What to produce | Everything from the line with "Kernave – ajalooline Leedu pealinna asukoht." to the end of the entries should be set down exactly, except the pictures.

..........

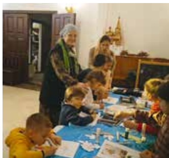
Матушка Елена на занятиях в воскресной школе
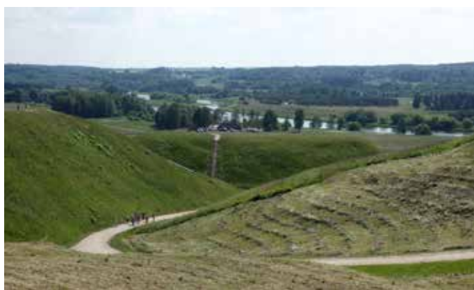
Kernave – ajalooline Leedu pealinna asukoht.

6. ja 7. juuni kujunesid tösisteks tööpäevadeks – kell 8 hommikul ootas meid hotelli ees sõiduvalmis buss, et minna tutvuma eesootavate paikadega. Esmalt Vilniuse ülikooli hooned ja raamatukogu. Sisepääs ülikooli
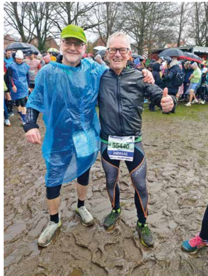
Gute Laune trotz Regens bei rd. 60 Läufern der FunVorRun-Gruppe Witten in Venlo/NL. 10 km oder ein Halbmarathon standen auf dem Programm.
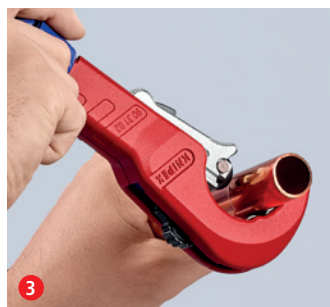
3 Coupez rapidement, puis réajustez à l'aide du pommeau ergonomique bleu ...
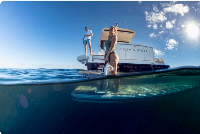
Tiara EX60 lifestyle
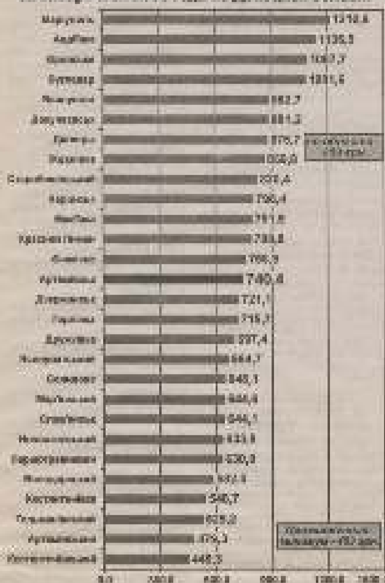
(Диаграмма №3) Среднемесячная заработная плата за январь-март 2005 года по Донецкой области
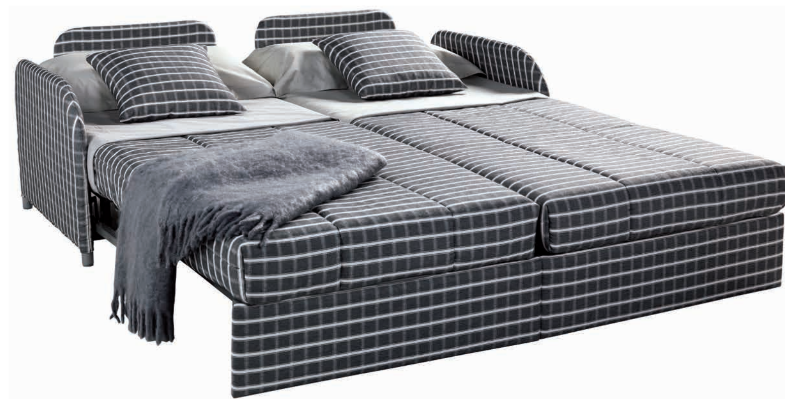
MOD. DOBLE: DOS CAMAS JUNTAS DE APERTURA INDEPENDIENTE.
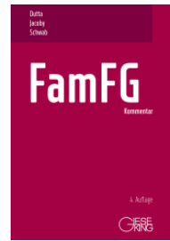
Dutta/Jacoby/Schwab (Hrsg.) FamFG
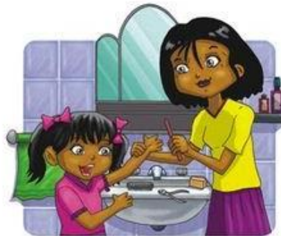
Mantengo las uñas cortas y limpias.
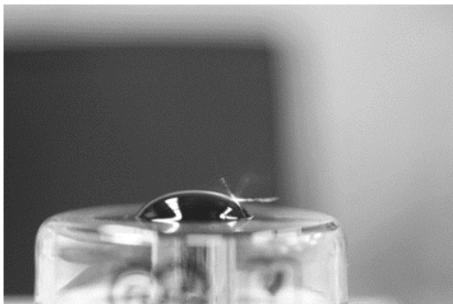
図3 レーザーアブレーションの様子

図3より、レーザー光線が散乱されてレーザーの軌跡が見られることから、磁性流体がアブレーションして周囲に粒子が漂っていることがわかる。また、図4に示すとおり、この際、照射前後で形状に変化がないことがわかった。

..........

Answer section |
Kernave – ajalooline Leedu pealinna asukoht.

6. ja 7. juuni kujunesid tösisteks tööpäevadeks – kell 8 hommikul ootas meid hotelli ees sõiduvalmis buss, et minna tutvuma eesootavate paikadega. Esmalt Vilniuse ülikooli hooned ja raamatukogu. Sisepääs ülikooli
Gute Laune trotz Regens bei rd. 60 Läufern der FunVorRun-Gruppe Witten in Venlo/NL. 10 km oder ein Halbmarathon standen auf dem Programm.
3 Coupez rapidement, puis réajustez à l'aide du pommeau ergonomique bleu ...
Tiara EX60 lifestyle
(Диаграмма №3) Среднемесячная заработная плата за январь-март 2005 года по Донецкой области
MOD. DOBLE: DOS CAMAS JUNTAS DE APERTURA INDEPENDIENTE.
Dutta/Jacoby/Schwab (Hrsg.) FamFG
Mantengo las uñas cortas y limpias.
図3 レーザーアブレーションの様子

図3より、レーザー光線が散乱されてレーザーの軌跡が見られることから、磁性流体がアブレーションして周囲に粒子が漂っていることがわかる。また、図4に示すとおり、この際、照射前後で形状に変化がないことがわかった。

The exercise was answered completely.